START DATA SHOWN

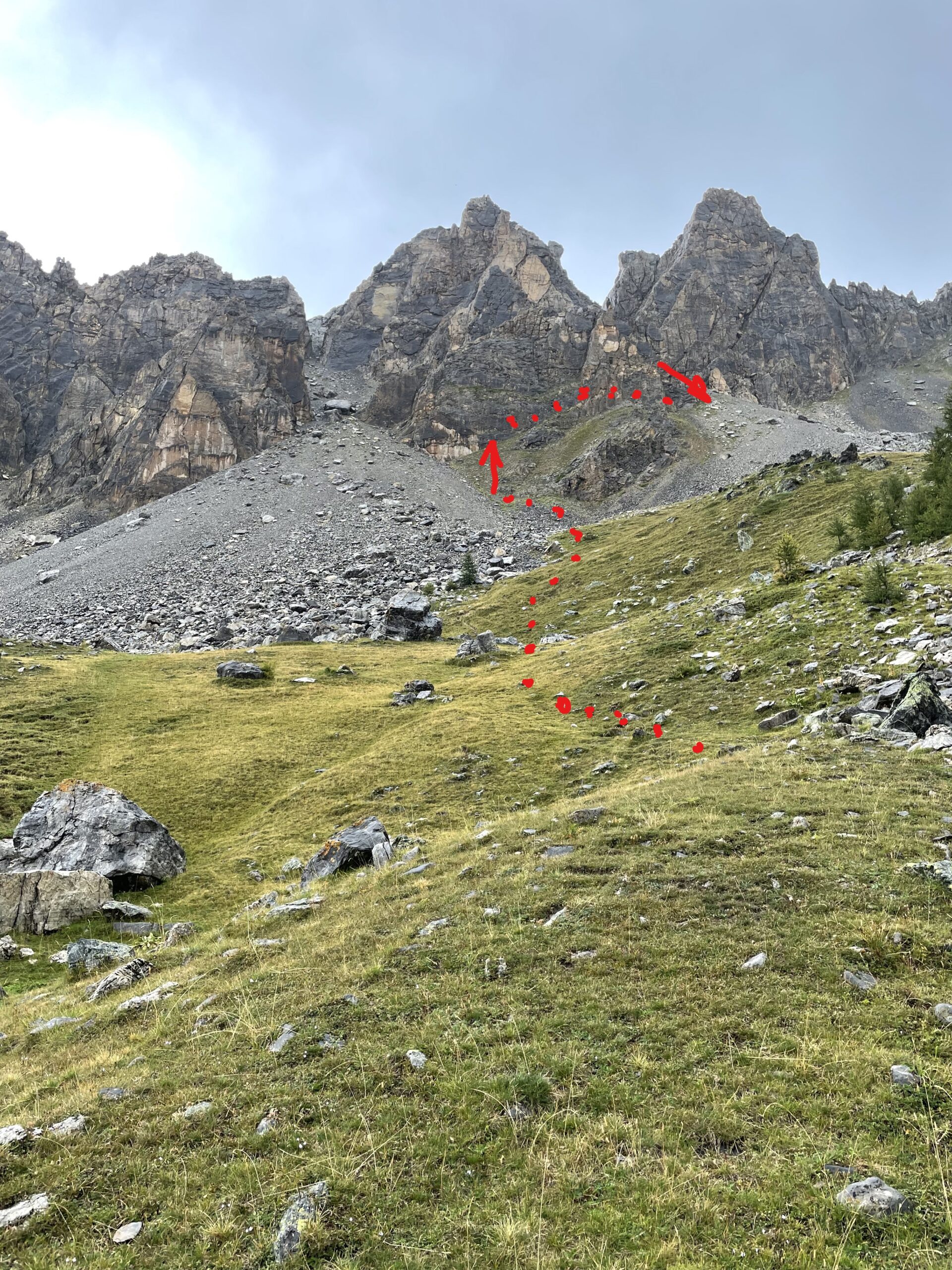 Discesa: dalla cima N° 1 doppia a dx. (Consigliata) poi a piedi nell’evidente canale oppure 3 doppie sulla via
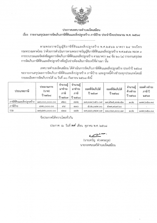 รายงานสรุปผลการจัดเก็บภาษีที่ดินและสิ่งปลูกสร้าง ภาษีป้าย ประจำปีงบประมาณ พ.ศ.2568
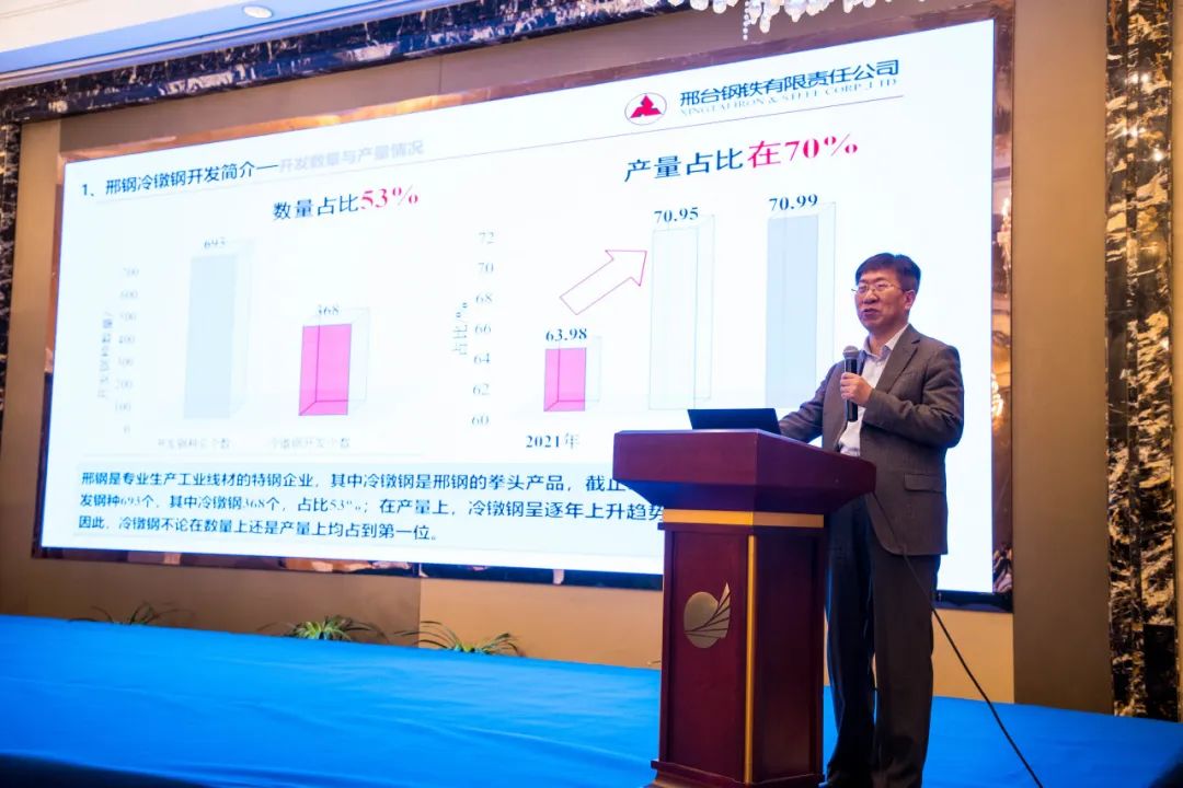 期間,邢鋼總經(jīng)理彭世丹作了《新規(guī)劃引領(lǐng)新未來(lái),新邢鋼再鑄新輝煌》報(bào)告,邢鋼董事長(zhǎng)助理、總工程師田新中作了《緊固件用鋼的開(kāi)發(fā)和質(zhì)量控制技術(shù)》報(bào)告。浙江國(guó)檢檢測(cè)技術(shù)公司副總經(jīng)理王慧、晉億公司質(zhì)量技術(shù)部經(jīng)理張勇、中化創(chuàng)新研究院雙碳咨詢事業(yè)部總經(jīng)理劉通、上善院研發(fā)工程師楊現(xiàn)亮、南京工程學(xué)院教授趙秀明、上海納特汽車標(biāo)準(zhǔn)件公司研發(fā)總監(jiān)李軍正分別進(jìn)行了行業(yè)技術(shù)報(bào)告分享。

END DATA SHOWN

Keep every word of the lines above unchanged in the copy, and omit the pictures.

 Discesa: dalla cima N° 1 doppia a dx. (Consigliata) poi a piedi nell’evidente canale oppure 3 doppie sulla via
 รายงานสรุปผลการจัดเก็บภาษีที่ดินและสิ่งปลูกสร้าง ภาษีป้าย ประจำปีงบประมาณ พ.ศ.2568
 期間,邢鋼總經(jīng)理彭世丹作了《新規(guī)劃引領(lǐng)新未來(lái),新邢鋼再鑄新輝煌》報(bào)告,邢鋼董事長(zhǎng)助理、總工程師田新中作了《緊固件用鋼的開(kāi)發(fā)和質(zhì)量控制技術(shù)》報(bào)告。浙江國(guó)檢檢測(cè)技術(shù)公司副總經(jīng)理王慧、晉億公司質(zhì)量技術(shù)部經(jīng)理張勇、中化創(chuàng)新研究院雙碳咨詢事業(yè)部總經(jīng)理劉通、上善院研發(fā)工程師楊現(xiàn)亮、南京工程學(xué)院教授趙秀明、上海納特汽車標(biāo)準(zhǔn)件公司研發(fā)總監(jiān)李軍正分別進(jìn)行了行業(yè)技術(shù)報(bào)告分享。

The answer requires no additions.